Но–не–до–та–кой–же–степе–ни!!!
Однако, когда Катя и “внучка” экс – Деда Мороза отняли дрожащие ладони от своих помертвевших лиц и дерзнули приоткрыть глаза, то вместо ужаса в них промелькнуло непомерное удивление. Потому что Пушкарев отчего-то выпрямился, отпустил волосы бедняги Жданова и замер, прислушиваясь к истошному крику, раздававшемуся из… гостиной!
– Господи, а это еще что? – недоуменно спросил он, пустившись к выходу из спальни едва ли не бегом:
– Всем оставаться на своих местах! – раздался строгий окрик Валерия Сергеича уже откуда-то из прихожей:
– Не двигаться и не к чему не прикасаться. Я сейчас только посмотрю, что там и вернусь.
– Катенька, – взволнованно прошептал Ромка, вскакивая на ноги:
– Надеюсь, вы не будете послушной девочкой, выполняя раcпоряжение папы?
– Ааа… – только и смогла ответить бедняжка, подперев стенку в нешуточном намерении соскользнуть по ней, родимой, вниз.
– Катя! – только обморока нам сейчас и не хватало для полной остроты ощущений, – проворчал про себя Ромка, хватая Пушкареву за плечи и хорошенько встряхивая:
– Если вы не успеете спрятать этого иди…
– Ммм… – послышалось вдруг протестующее восклицание из активно копошащейся кучи одежды в шкафу.

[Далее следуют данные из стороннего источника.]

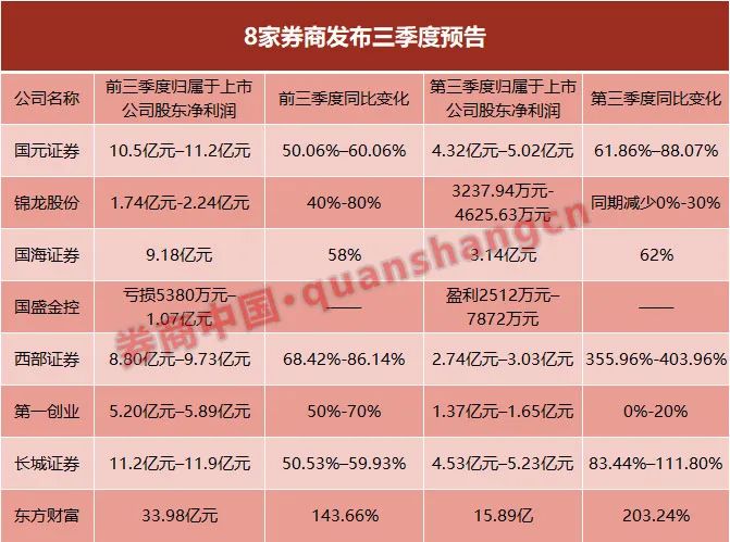 值得注意的是,截至目前,已有8家券商相继发布了三季度预告,分别是国元证券、西部证券、第一创业、长城证券、国海证券、锦龙股份(维权)、国盛金控(维权)以及东方财富。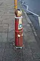 Painted bollards | Great Minster Street and The Square, Winchester 50°58′10″N 1°21′12″W / 50.9694°N 1.3532°W |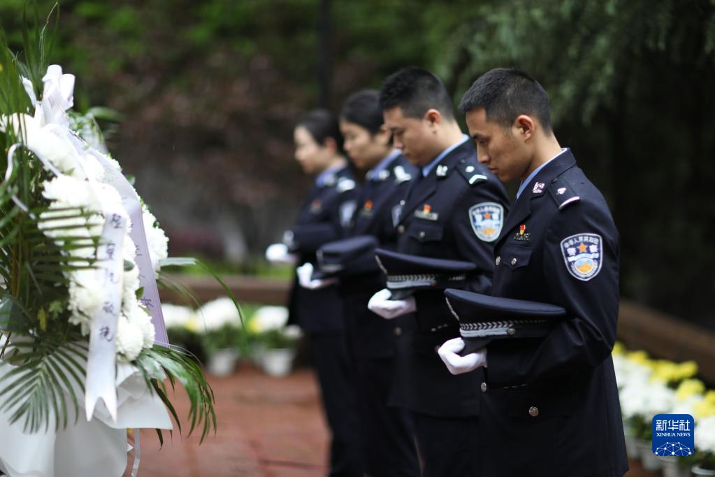 4月1日,在貴州省赤水市紅軍烈士陵園,民警祭奠紅軍烈士。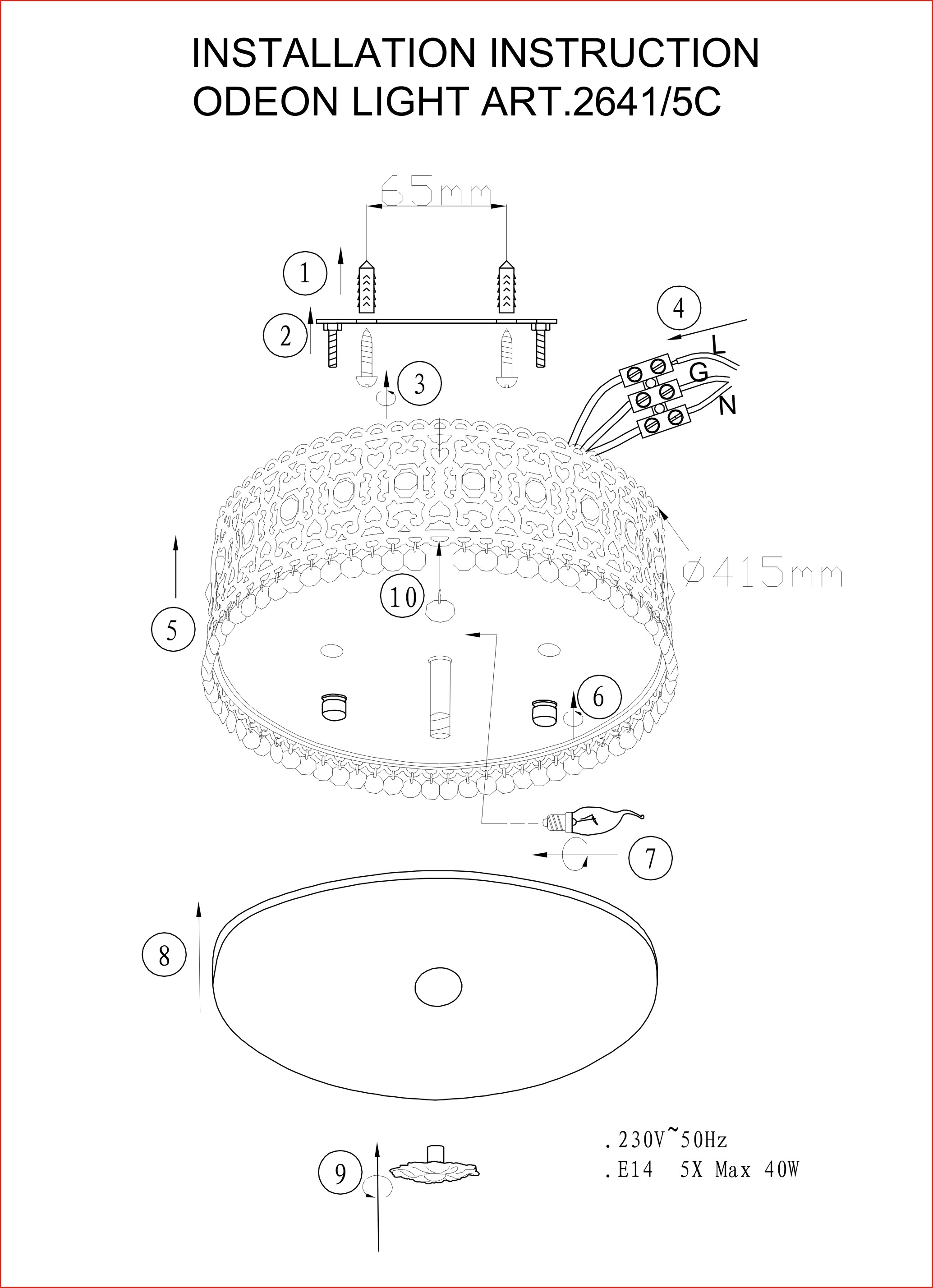 Материалы исполнения плафон: в виде металлического каркаса с каленым стеклом, арматура: металл, декор: хрусталь. Цвет арматуры бронзовый. Плафон в цвете: бронзовый. Декор подвеска, материал декора хрусталь, цвет прозрачный. Роскошная люстра 2641/5C состоит из металлического каркаса цвета "состаренной" бронзы с каленым стеклом. Нежный ажур на стекле, красочные узоры, а также высококачественный хрусталь, обрамляющий основание каркаса, делают эту модель очень экзотичной. Цоколь E14. Мощность 5*40W. Нет ламп в комплекте. Наименование 2641/5C ODL14 485 "под бронзу"/хрусталь Потолочн светильник E14 5*40W 220V Salona.

– Иди…те же скорей, Катя! – и Ромка легонько подтолкнул девушку к своему хоть и не очень стильному, но зато живенькому в прямом смысле слова, гардеробу.
– Идите и спасайте от гибели этого…
– Кхе-кхе, – хоть и деликатно, но весьма красноречиво кашлянула “кучка”.
– Ладно-ладно! Не буду выражаться… тем более, что употребление ненормативной лексики в канун Нового Года – примета не плохая, а… очень плохая. Катя, что же вы стоите? Или вы хотите, чтоб ваш папА и в самом деле превратил эти роскошные черные волосы в парик, сняв скальп с их обладателя?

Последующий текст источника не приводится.